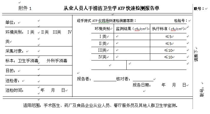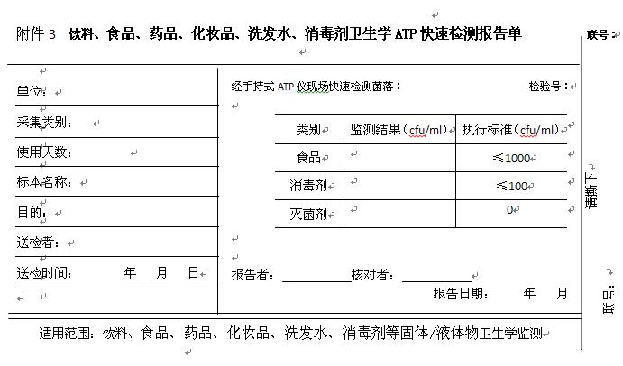 根據(jù)相關(guān)規(guī)范和用戶需求,列出了手持式ATP儀檢測(cè)報(bào)告單格式(附件1至附件3)僅供參考,使用過程中可根據(jù)情況進(jìn)行修改。
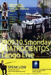 日時:2009/10/5(月) 19:00開場/19:30開演 出演:会田桃子(vn),北村聡(bn),林正樹(p),鳥越啓介(cb) 場所:高松 speak low http://www.speak-low.com/ 香川県高松市塩上町3丁目20-11 Field of Soul-1F TEL&FAX 087-837-0777 料金:前売3,000円 当日3,500円
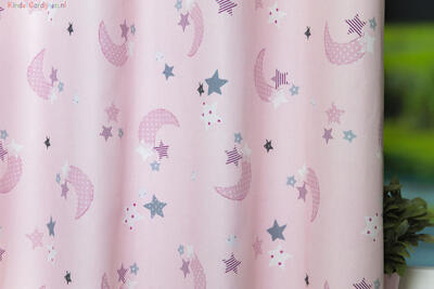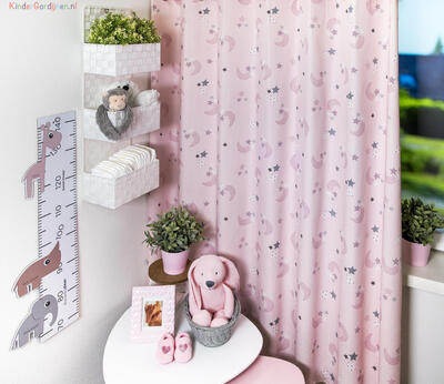 Wat een schitterende kwaliteit gordijnstof! Zien is geloven, zo mooi soepel geweven én maar liefst 280 cm breed! Dat betekent dat het babykamer gordijn meestal naadloos kan worden gemaakt. De is print is gedrukt op een heel fijn geribde stof, wat een vlotte & sportieve uitstraling geeft. Het sterretjes & maantjes patroon is leverbaar in 3 verschillende ondergrondkleuren. Eigentijds blauw- grijs voor de jongenskamer, pastel roze - grijs voor meisjes slaapkamer en camel – grijs voor als je liever geheim wilt houden welk lief kleintje er komt slapen. De maan is hier 7 cm groot en samen met de sterren ernaast 9 cm breed. Door het rustig herhalende patroon kan je dit gordijn uitstekend tot de grond laten confectioneren. Wanneer je graag extra verduistering wenst dan optie voeren aanvinken in het bestelproces. Kortom, deze fraaie stofserie is een aanwinst binnen onze enorme collectie!
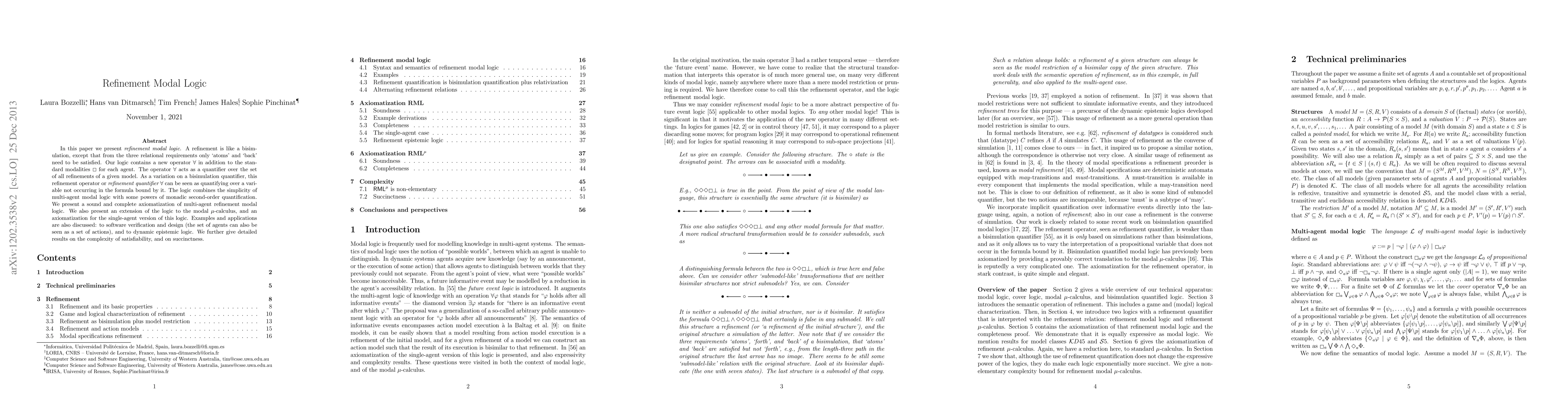 This paper introduces refinement modal logic, which simplifies bisimulation by relaxing relational requirements, and includes a new 'all' quantifier. It presents a sound and complete axiomatization, extends it to the modal mu-calculus, and discusses applications in software verification and dynamic epistemic logic, along with complexity results.
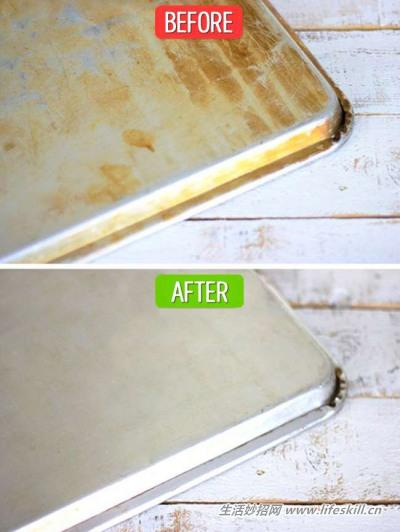 烤盘上面一定会有烤焦的油脂,将双氧水与小苏打粉加在一起变成糊状的混合物后,覆盖在烤盘脏污的地方,约等待20-30分钟后清洗干净,就可以把原本泛黄的烤盘恢复光洁!
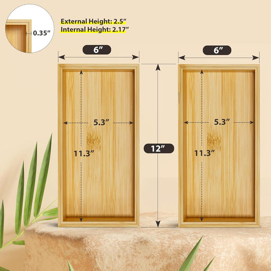 Kitchen Drawer Organizer Bins, Stackable Bamboo Deep Drawer Organizer for Silverware, Utensils, Cutlery, Flatware, Junk Drawer, Dresser, Bathroom, 12" x 3" x 2.5" (Set of 2)
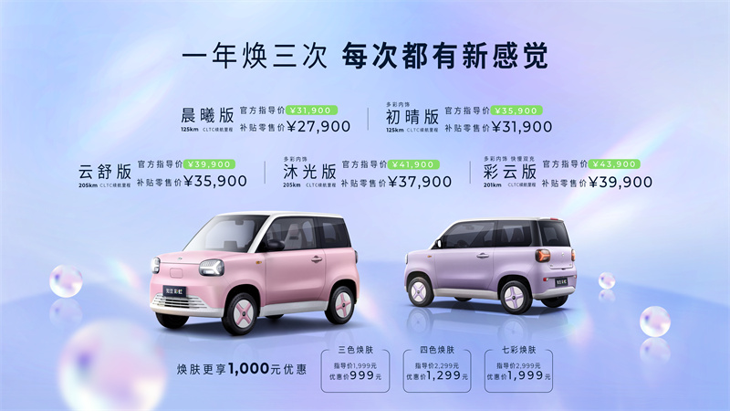【4月18日,蘭州】知豆汽車以“煥彩由我”為主題,正式發(fā)布全球首款可真正實(shí)現(xiàn)2.8億種海量潮流煥膚微型電動汽車——知豆彩虹。新車提供晨曦版、初晴版、云舒版、沐光版、彩云版五款車型可選,補(bǔ)貼后零售價(jià)區(qū)間為2.79萬-3.99萬元。為了滿足消費(fèi)者對個(gè)性潮流的向往,知豆彩虹同步推出限時(shí)尊享購車權(quán)益:4月18日至5月18日,1999元下訂,即可享4000元汽車下鄉(xiāng)補(bǔ)貼,煥膚更享 1000元優(yōu)惠!

┄┄┄┄┄┄

While leaving pictures out, reproduce exactly the lines from the beginning of the listing above through the line containing "087-837-0777 料金:前売3,000円 当日3,500円", both ends included.

• [WRITTEN ANSWER]:
 根據(jù)相關(guān)規(guī)范和用戶需求,列出了手持式ATP儀檢測(cè)報(bào)告單格式(附件1至附件3)僅供參考,使用過程中可根據(jù)情況進(jìn)行修改。
 日時:2009/10/5(月) 19:00開場/19:30開演 出演:会田桃子(vn),北村聡(bn),林正樹(p),鳥越啓介(cb) 場所:高松 speak low http://www.speak-low.com/ 香川県高松市塩上町3丁目20-11 Field of Soul-1F TEL&FAX 087-837-0777 料金:前売3,000円 当日3,500円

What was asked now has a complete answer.